▸ **Problem statement**
Using only the entries below, copy exactly the lines that begin at the one with "打爆炎树的位置在渌华池西侧山" and end at the one with "4月23日、日本料理「太巻き寿司、翡翠茶碗蒸し」", both included. Drop the pictures.

▸ **Material for this task**
====================
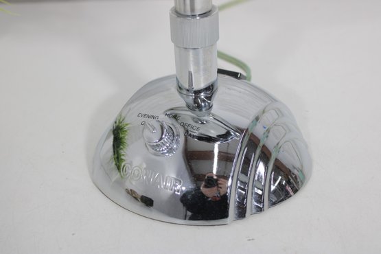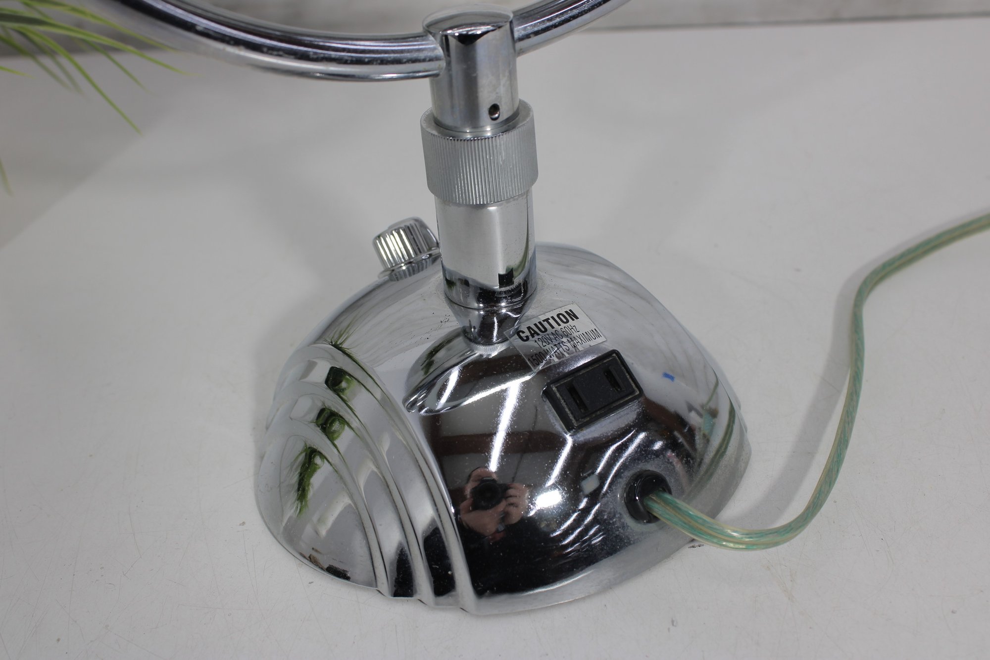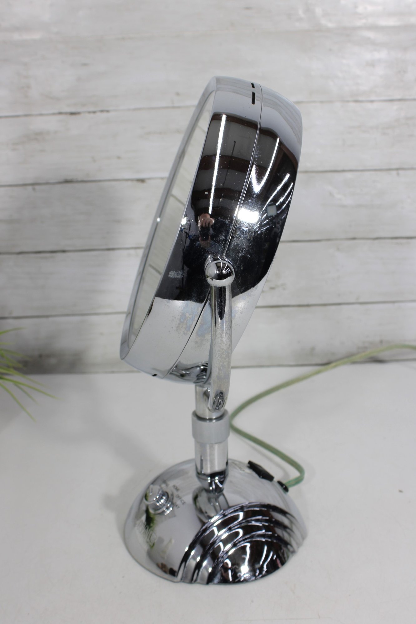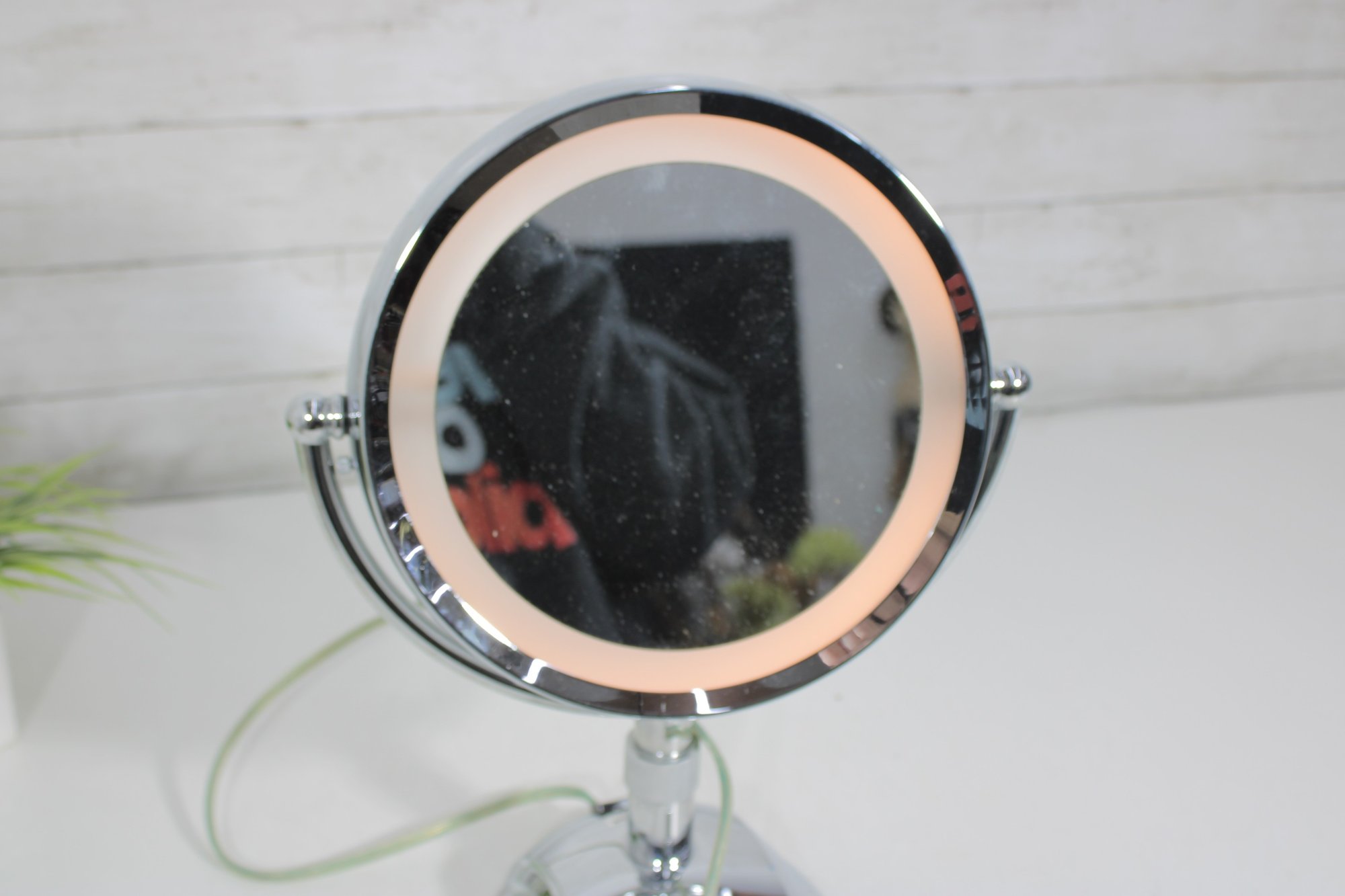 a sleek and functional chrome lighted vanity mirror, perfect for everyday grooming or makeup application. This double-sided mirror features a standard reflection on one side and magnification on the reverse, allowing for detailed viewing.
====================
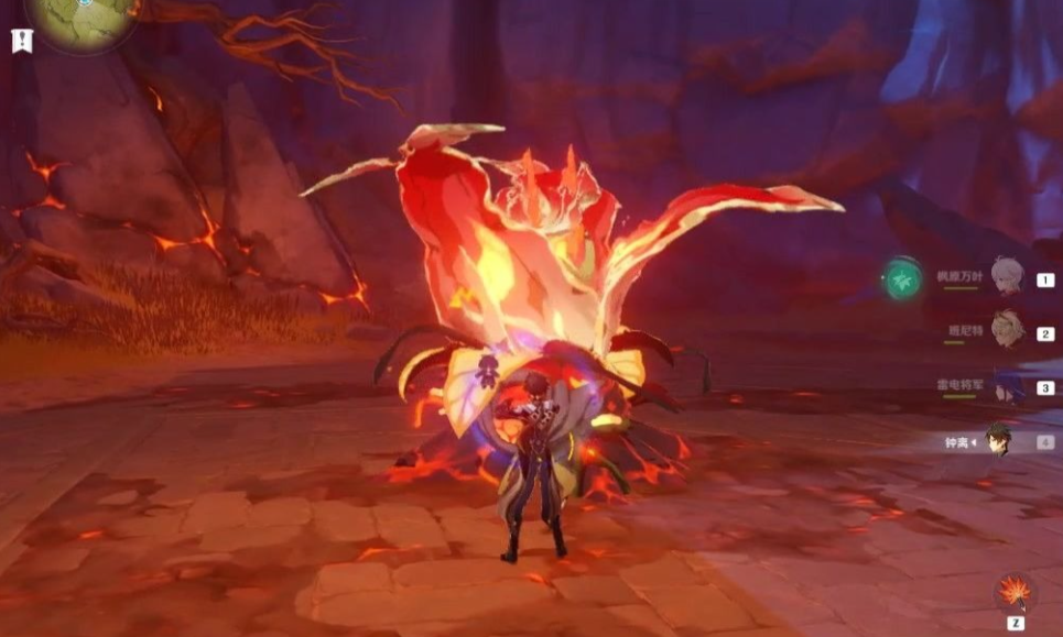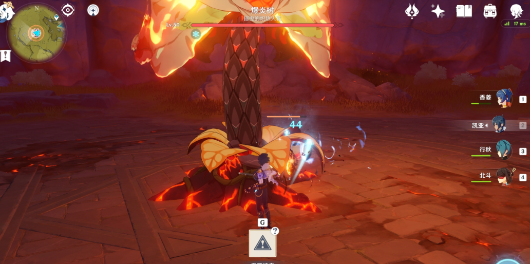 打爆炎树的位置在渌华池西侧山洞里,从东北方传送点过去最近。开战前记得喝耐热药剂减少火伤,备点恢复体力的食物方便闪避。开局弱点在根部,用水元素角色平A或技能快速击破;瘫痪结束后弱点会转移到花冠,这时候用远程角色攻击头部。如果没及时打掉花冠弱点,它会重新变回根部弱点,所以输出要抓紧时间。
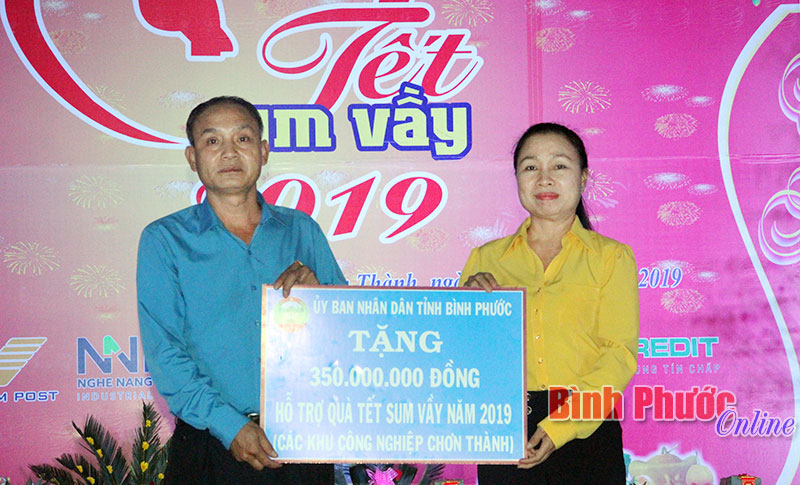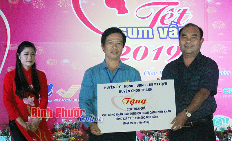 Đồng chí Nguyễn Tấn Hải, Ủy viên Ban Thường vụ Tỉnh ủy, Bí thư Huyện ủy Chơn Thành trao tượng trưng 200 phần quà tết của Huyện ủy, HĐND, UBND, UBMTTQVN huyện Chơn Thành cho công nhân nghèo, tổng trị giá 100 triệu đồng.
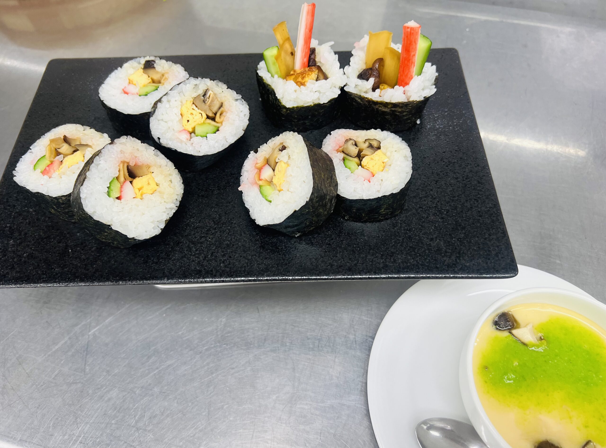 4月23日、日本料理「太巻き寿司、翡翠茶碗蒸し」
====================
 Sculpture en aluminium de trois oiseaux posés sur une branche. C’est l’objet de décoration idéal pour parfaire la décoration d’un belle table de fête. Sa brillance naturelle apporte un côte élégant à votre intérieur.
====================
▸ **Response**
 打爆炎树的位置在渌华池西侧山洞里,从东北方传送点过去最近。开战前记得喝耐热药剂减少火伤,备点恢复体力的食物方便闪避。开局弱点在根部,用水元素角色平A或技能快速击破;瘫痪结束后弱点会转移到花冠,这时候用远程角色攻击头部。如果没及时打掉花冠弱点,它会重新变回根部弱点,所以输出要抓紧时间。
 Đồng chí Nguyễn Tấn Hải, Ủy viên Ban Thường vụ Tỉnh ủy, Bí thư Huyện ủy Chơn Thành trao tượng trưng 200 phần quà tết của Huyện ủy, HĐND, UBND, UBMTTQVN huyện Chơn Thành cho công nhân nghèo, tổng trị giá 100 triệu đồng.
 4月23日、日本料理「太巻き寿司、翡翠茶碗蒸し」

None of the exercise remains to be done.